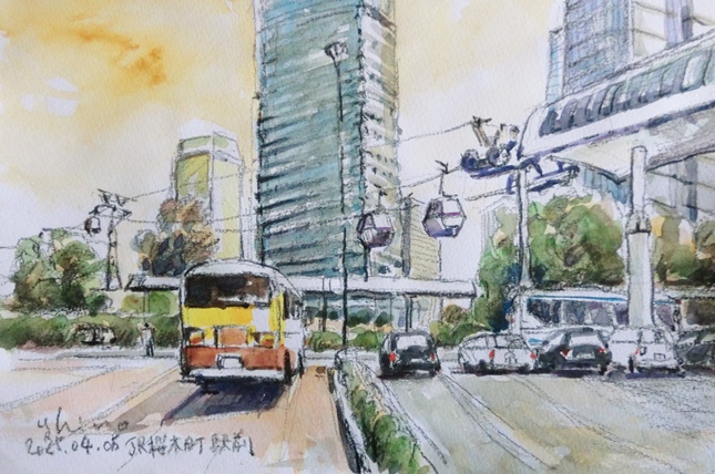 久しぶりに横浜に出かけた。スケッチはJR桜木町駅前。バス停でバスを待つ内、ふと顔を上げたら目の前に見慣れぬ風景??もうだいぶ前から聞いてはいたが、空中にぶら下がったゴンドラにお目にかかるのは初めて。最初はびっくり、バス停の上に動くゴンドラ!しばらく来ぬうちに、ずいぶん変わったものだなぁ~が実感でした。ゴンドラは桜木町駅前と横浜ワールドポーターズ前を結ぶ"日本初"の都市型循環式ロープウェイ「YOKOHAMA AIR CABIN」
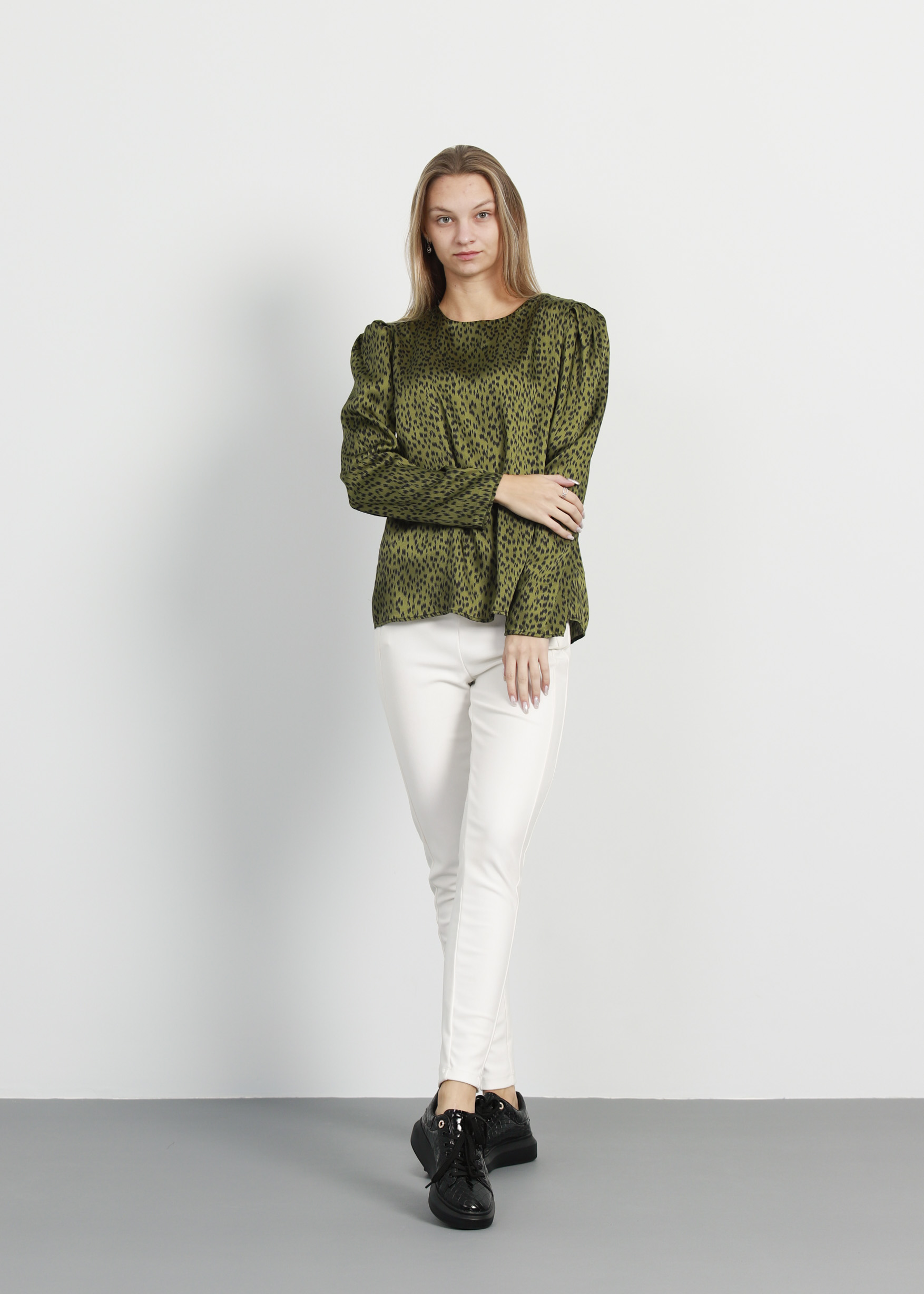 Women blouse, satin, long sleeves, round neck with back button to close, pleated shoulders, unique and modern, 100% Polyester
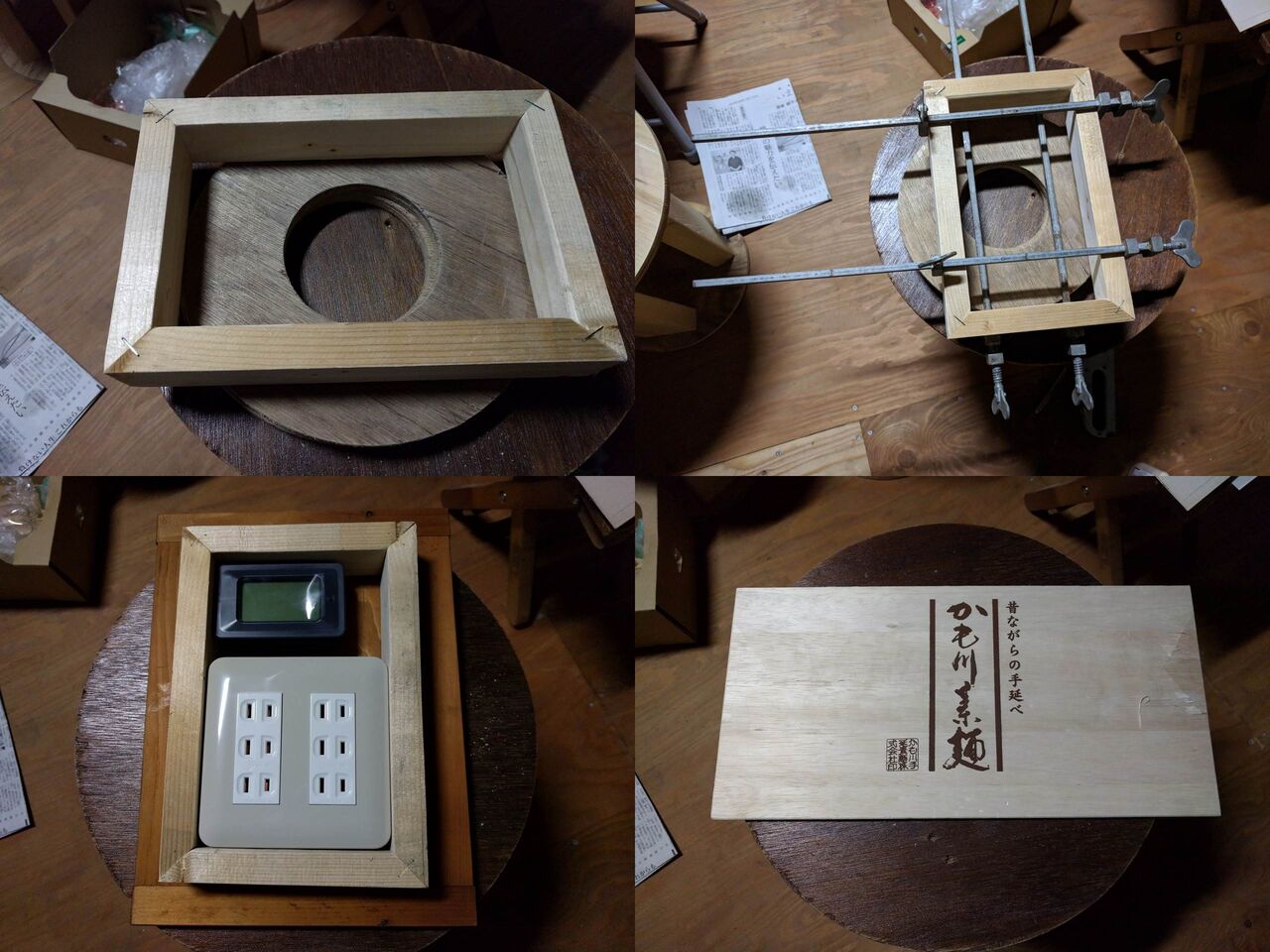 2019年11月12日 デジタル電力計の設置(2) 今日の午後から電力計を収納する箱の製作を始めました。少々アクシデントがあり枠製作が精一杯でした。スライド鋸があるのでトメ加工とします。 材料は、2×4角材。設計図通りにカットした物を速乾性木工ボンドを塗布し即、四隅の両側をタッカーで仮固定。さらにクランプで確り固定。徐にバラシ、パーツを仮置きしてみました。ほぼ設計図通りのできです。上部パネルには、素麺が入っていた木箱の蓋を流用します。もうあと一歩で完成です。 つづく

# # #

● **PROBLEM REQUIREMENTS**:
Nothing but the pictures is to be left out; the rest of the listing should be copied exactly.

● **ANSWER**:
 久しぶりに横浜に出かけた。スケッチはJR桜木町駅前。バス停でバスを待つ内、ふと顔を上げたら目の前に見慣れぬ風景??もうだいぶ前から聞いてはいたが、空中にぶら下がったゴンドラにお目にかかるのは初めて。最初はびっくり、バス停の上に動くゴンドラ!しばらく来ぬうちに、ずいぶん変わったものだなぁ~が実感でした。ゴンドラは桜木町駅前と横浜ワールドポーターズ前を結ぶ"日本初"の都市型循環式ロープウェイ「YOKOHAMA AIR CABIN」
 Women blouse, satin, long sleeves, round neck with back button to close, pleated shoulders, unique and modern, 100% Polyester
 2019年11月12日 デジタル電力計の設置(2) 今日の午後から電力計を収納する箱の製作を始めました。少々アクシデントがあり枠製作が精一杯でした。スライド鋸があるのでトメ加工とします。 材料は、2×4角材。設計図通りにカットした物を速乾性木工ボンドを塗布し即、四隅の両側をタッカーで仮固定。さらにクランプで確り固定。徐にバラシ、パーツを仮置きしてみました。ほぼ設計図通りのできです。上部パネルには、素麺が入っていた木箱の蓋を流用します。もうあと一歩で完成です。 つづく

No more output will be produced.